Step 2: List of Items

The following Table below lists items used in the making of Eco-Sub along with their matching item numbers as used by Vernier (company of where we purchased our probes) and McMaster-Carr (Keep in mind that these prices may change):

Step 3: Components

The image below illustrates where the components were used in order to integrate the ECO-SUB. Figures 1 to 10 corresponds to items 1 to 10 from the previous Table.

Step 4: Holes and Liquid Tight Conduit Fittings

Take the clear acrylic discs and drill four 1/2" diameter holes in the disc, this allows the," Liquid Tight Conduit Fittings, (LTCF)" to be inserted through.

Note: take a measurement of the diameter of the part of the LTCF that will be inserted in the disc, before drilling.

Once the LTCF have been inserted in each of the holes in the acrylic disc, take each probe and inserted it in the opening of the LTCF.

To ensure non leakage you should put some teflon tape around the probes to increase the diameter so when you fit the probes through the LTCF it will be snuff to avoid water from seeping in.

Note that the reason why we chose to used clear acrylic discs is to be able to add in the future a video camera (but this is optional).

Step 5: Placing the Pipe Coupling

Take the clear PVC pipe and slip one of the 4" diameter pipe coupling (McMaster-Carr) on one end of the pipe. The open end of the clear PVC pipe will allow, the entrance of the data collecting device which will be connected to the probes that was inserted through the LTCF. After one coupling is situated firmly around the clear PVC pipe,
take a hose clamp and slip the clamp around on the coupling that is already situated around the clear PVC pipe. There should be a grove imprinted on the coupling that will allow the proper fitting of the clamp. Make sure that the clamp is nested around this grove and is aligned to the perimeter of the acrylic disc located inside the pipe coupling.

Then take a flat-head screw driver and begin to tighten the clamp until the coupling is situated properly (REMEMBER TWIST TO THE RIGHT TO TIGHTEN!)

Repeat this process again for the second grove imprinted on the same coupling. When the clamps are properly tighten the coupling should not lead to any leakages.

Step 6: Data Logger

Obtain a data collecting device (also known as data logger) with 4 AA batteries and the necessary test probes. After acquiring the data logger and test probes, connect probes into appropriate ports on the data logger and place the data logger inside the clear PVC pipe. Slip on the second pipe coupling and use the hose clamp to tighten appropriately using a flat-head screwdriver.

Step 7: Deployment

Tie a rope and now is ready for deployment and have fun.

To test for any leaks go to our nearest pool and submerge the device.
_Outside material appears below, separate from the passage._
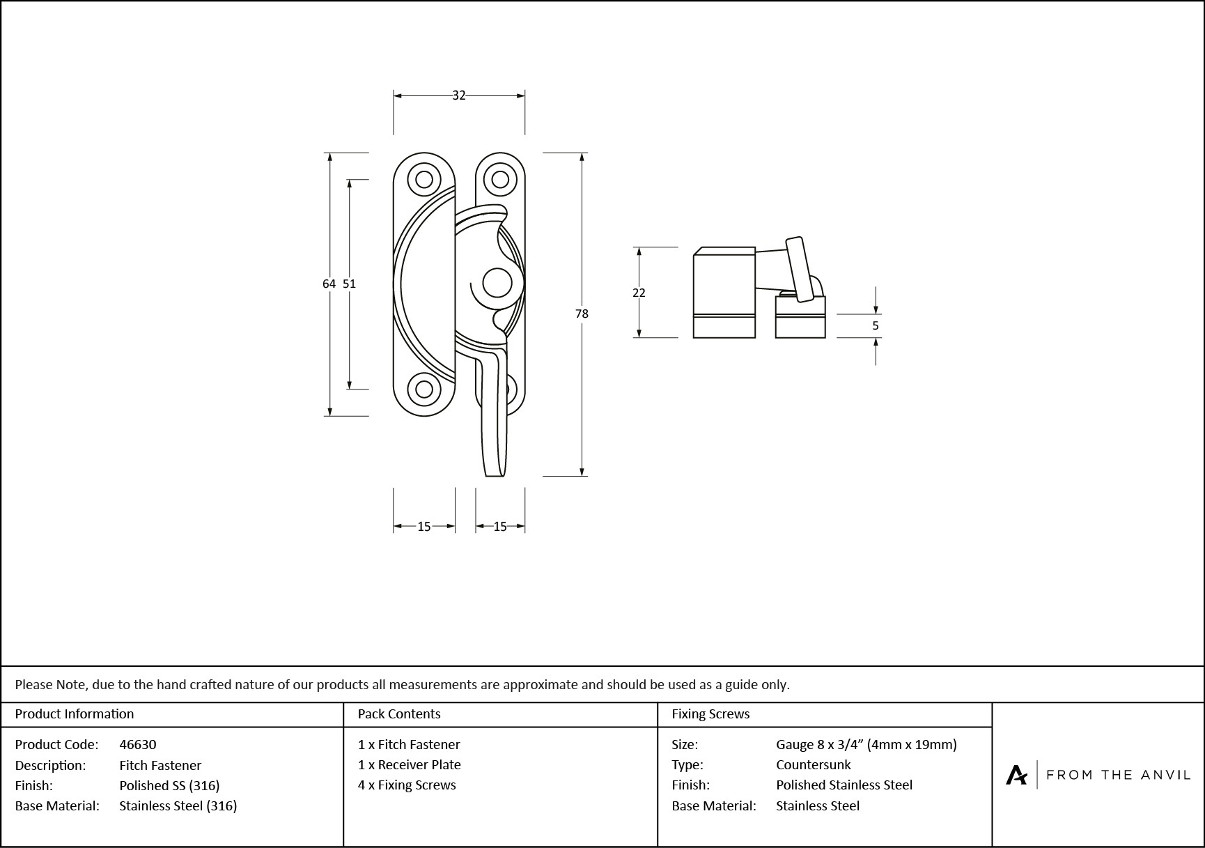 • Fixing plate: 64mm x 15mm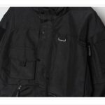 L’attention portée aux détails avec ses multiples poches, ses différentes fermetures et le design du dos ajoutent de la consistance à l’esthétique du manteau. Les sangles discrètes et les fermetures à glissière de qualité supérieure renforcent le caractère techwear de ce manteau, tout en soulignant son inspiration street et militaire.

Be sure that your submarine is heavy enough to sink so you don't have to push it down in the water, a mistakes we learned the hard way!

For good heavy objects, we suggest you purchase some lead shots from a local sporting goods store. Then place it in the submarine to have a even distribution so that the whole submarine submerges in an evenly fashion.

Happy building and testing! if you guys have any suggestions or advice please feel free to comment on our instructables.

This has been brought to you by the members of the ECO-SUB team, a Research Undergraduate Experience Summer 2007 at Cal State University Los Angeles and funded by the National Science Foundation (NSF).

Credits go to
Joel H
Antonino M
Pam P
Corry Y
Sam L
Jeff M
Victor M
Crist K
Darrell G
and the National Science Foundation.

Step 8: Pictures of Our Submarine and Testing

Here are some pictures of our submarine and places where we tested our submarine! Also attached to this page is a copy of our research paper we wrote about building the submarine and the results from our testing. Please Enjoy!!!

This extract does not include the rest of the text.